Detect whether a Windows reboot was due to Windows updates - c#

A few applications on my PC have been doing a detection wether a restart was done by Windows Update or not. This is observable due to them restarting after the automatic Windows Update reboot.
This is very helpful since those applications reload changes, even unsaved changes or restore tabs (in case of a browser). Examples of applications that do this:
Google Chrome
Microsoft Visual Studio
Microsoft Paint
In all cases the applications save the state they were in before the reboot.
(My PC actually woke up from a standby state automatically, and rebooted itself while instaling updates. Too bad it didnt go back to standby after doing this.)
My question is: How do I programmatically detect this kind of reboot? It seems to be reliably detectable before the reboot.
The question How can I get the Windows last reboot reason might seem like a duplicate, but no answer said anything about updates.
I code in C#, so an answer in C# would be helpful, though I can read C and C++ too, for example.

See Application Restart:
An application can use Application Recovery and Restart (ARR) to save data and state information before the application exits due to an unhandled exception or when the application stops responding
and:
or if the computer needs to restart as the result of an update.
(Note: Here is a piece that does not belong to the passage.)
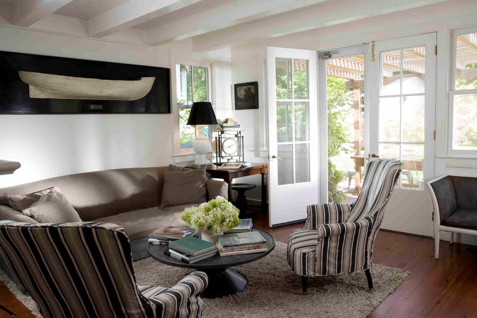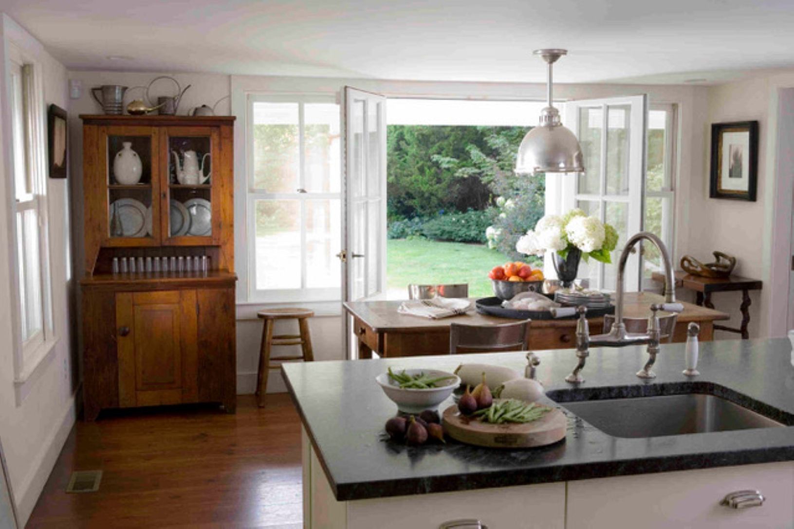 This totally charming Farmhouse Amagansett property has been exquisitely updated and renovated to create a warm and inviting home for today. From the wooden chairs on the front porch, to the retro kitchen, to the open living room with a wall of windows overlooking the garden and back deck, this house is gracious and welcoming. The lush, green backyard is set in beautiful gardens. Four bedrooms, 2.5 baths, with central a/c, and an outdoor showe

The applications aren't detecting the restart reason after the fact - they've been architected to use this API. There isn't (so far as I'm aware) a managed API for this.
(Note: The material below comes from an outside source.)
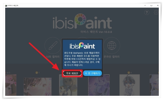 이비스 페인트는 Android 및 iOS 기기에서 모두 설치할 수 있는데요. 최근엔 PC 버전도 출시되어 컴퓨터에서도 작업이 가능해졌습니다. 다만 체험판 버전은 매일 1시간 사용 시간이 제한됩니다.

A couple of clicks away is Saving data and application state when application is being closed due to a software update. Again, no managed API.

Normally when Windows Reboots, it performs a restart by using shutdown.exe and the /g flag which saves the state of all registered running programs before restart. What you want to do is to Register your application for restart. There is a good sample with documentation for this by MSDN. It is available in C# and C++.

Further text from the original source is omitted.